25 November 2020 | News
Formation of Scientific Advisory Board of Pioneers in Sodium Ion Channellopathy and Pain
Photo Credit: Freepik
OliPass Corporation, a South Korea based biotech specialized in the development of RNA therapeutics, announced to commission a Scientific Advisory Board ("SAB") of key experts in sodium ion channelopathy and pain.
The SAB will advise OliPass on the clinical development of OLP-1002, an SCN9A antisense pain killer being evaluated in moderate to severe osteoarthritis patients with pain in Phase1/b clinical trial.

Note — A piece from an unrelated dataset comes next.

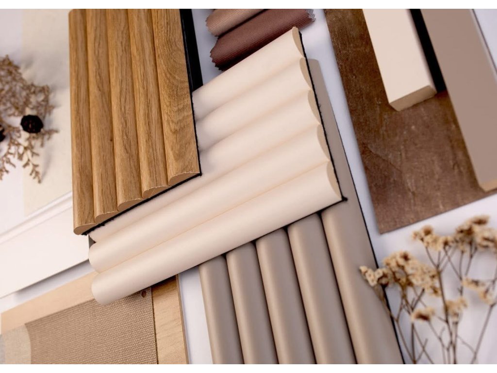Akustický dizajnový panel v béžovom prevedení s filcovým podkladom a zaoblenými lamelami prináša štýlový vzhľad a vynikajúce akustické vlastnosti pre každú miestnosť. Ideálne riešenie pre tých, ktorí hľadajú estetiku aj funkčnosť v interiéri.

"We are more than thrilled to work with such a distinguished group of pioneers in the field of sodium ion channelopathy", said Dr. Shin Chung, the founder and CEO of OliPass Corporation. "There is a pressing need for more effective, non-opiate treatments for pain. Building upon impressive early progress, OliPass has now recruited world-class experts to help shape clinical studies. I look forward to progress, and hopefully to a much-needed new approach to treatment of pain", said Professor Stephen Waxman of Yale University who will chair the SAB.
Professor Waxman led a team that identified sodium ion channel Nav1.7 as a regulator of pain. He has since contributed to studies that have provided evidence that Nav1.7 blockers can reduce pain in erythromelalgia (man-on-fire syndrome) and trigeminal neuralgia.
People with a loss-of-function mutation of the SCN9A gene were found insensitive to pain but with other sensory functions undisturbed. Since the SCN9A gene encodes Nav1.7 sodium ion channel subtype, a selective inhibitor of Nav1.7 has been implicated to be a pain killer with strong efficacy and excellent safety. Unfortunately there are at least 10 sodium ion channels structurally almost indistinguishable with small molecule inhibitors. Although small molecule inhibitors of Nav1.7 have been abundantly evaluated, none have manifested strong analgesic efficacy and good safety most likely due to lack of Nav1.7 selectivity.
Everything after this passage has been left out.